- Born: c. 1100
- Spouse: Bjørn Haraldsen Ironside
- Issue: Christina of Denmark, Queen of Sweden
- House: Stenkil
- Father: Inge the Elder
- Mother: Helena

= Katarina Ingesdotter =

12th-century Swedish princess

Katarina Ingesdotter was a Swedish princess who married the Danish prince Bjørn Haraldsen Ironside.

==Life==
Katarina was the daughter of King Inge the Elder of Sweden and Queen Helena. She was the sister of Christina Ingesdotter and Margaret Fredkulla. Katarina was the youngest of the three royal daughters: her sister Christina married in the 1090s, and her sister Margaret in 1101. Katarina is assumed to have been of about the same age as her future spouse, and was thus born in around the year 1100.

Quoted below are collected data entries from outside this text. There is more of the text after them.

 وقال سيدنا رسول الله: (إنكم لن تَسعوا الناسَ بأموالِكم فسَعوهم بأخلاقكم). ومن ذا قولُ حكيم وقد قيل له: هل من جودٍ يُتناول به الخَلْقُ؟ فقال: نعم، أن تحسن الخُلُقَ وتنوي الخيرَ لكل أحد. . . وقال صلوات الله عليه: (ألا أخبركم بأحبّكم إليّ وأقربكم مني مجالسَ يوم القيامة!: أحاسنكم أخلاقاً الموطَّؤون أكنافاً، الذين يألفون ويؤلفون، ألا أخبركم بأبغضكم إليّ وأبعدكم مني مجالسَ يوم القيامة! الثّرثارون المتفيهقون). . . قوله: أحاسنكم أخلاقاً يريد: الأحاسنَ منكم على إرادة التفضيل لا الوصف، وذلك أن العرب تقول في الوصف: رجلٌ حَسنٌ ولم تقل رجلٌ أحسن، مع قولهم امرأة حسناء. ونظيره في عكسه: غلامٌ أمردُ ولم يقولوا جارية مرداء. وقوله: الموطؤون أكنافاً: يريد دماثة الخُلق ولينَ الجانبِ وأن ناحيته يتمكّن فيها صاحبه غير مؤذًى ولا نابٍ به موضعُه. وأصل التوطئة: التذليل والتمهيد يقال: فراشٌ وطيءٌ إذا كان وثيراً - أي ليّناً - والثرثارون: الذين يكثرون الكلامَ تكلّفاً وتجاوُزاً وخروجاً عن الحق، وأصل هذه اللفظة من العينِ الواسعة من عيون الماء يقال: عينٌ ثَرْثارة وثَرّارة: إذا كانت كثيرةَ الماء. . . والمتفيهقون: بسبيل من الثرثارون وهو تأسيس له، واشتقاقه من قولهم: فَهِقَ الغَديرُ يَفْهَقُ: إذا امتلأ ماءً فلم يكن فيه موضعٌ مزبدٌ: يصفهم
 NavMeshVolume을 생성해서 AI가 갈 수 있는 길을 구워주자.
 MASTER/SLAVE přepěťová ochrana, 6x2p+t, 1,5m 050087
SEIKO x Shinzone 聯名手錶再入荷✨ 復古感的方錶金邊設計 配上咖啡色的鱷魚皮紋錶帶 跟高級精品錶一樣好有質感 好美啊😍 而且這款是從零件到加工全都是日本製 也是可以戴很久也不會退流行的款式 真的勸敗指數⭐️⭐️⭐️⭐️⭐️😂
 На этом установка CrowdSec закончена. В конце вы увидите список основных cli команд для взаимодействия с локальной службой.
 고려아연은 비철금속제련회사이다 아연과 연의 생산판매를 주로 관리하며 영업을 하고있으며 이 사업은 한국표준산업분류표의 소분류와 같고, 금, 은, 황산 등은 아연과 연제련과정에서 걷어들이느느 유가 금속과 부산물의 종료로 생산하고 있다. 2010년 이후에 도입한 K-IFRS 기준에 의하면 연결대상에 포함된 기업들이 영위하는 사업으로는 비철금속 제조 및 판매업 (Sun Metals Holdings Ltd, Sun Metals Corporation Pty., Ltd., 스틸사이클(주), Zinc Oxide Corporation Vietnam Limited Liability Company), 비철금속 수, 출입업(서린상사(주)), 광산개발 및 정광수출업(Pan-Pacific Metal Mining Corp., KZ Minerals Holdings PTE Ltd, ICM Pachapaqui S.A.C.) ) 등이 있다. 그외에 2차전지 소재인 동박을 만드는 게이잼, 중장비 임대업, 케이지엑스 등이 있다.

Katarina's father died in 1110, and was succeeded on the Swedish throne by his nephews. By the time of her father's death, Katarina would still have been a child. Her mother is reported to have entered Vreta Abbey as a widow. Her eldest sister, Christina, lived in Kievan-Rus', and was in Sweden considered as too far away to be given a share in the inheritance of their father. Their sister Margaret was at this point queen of Denmark. It is known that Margaret shared her inheritance with her niece Ingrid in Norway, and her niece Ingeborg in Denmark. Katarina is not mentioned in these transactions, but as the only unmarried daughter of Inge left in Sweden, she would have been one of his heirs.

According to the Knýtlinga saga, Katarina married the Danish prince Bjørn Haraldsen Ironside. Only one child is known from this union: their daughter Christina, future queen of Sweden, who is estimated to have been born in circa the year 1122.

In 1134, Katarina's spouse sided with his uncle Eric II of Denmark in the Danish war of succession, but was killed by Eric the same year. Her daughter Christina is estimated to have married the future king Eric IX of Sweden in the 1140s.

== Issue==
1. Christina of Denmark, Queen of Sweden, married to Eric IX of Sweden.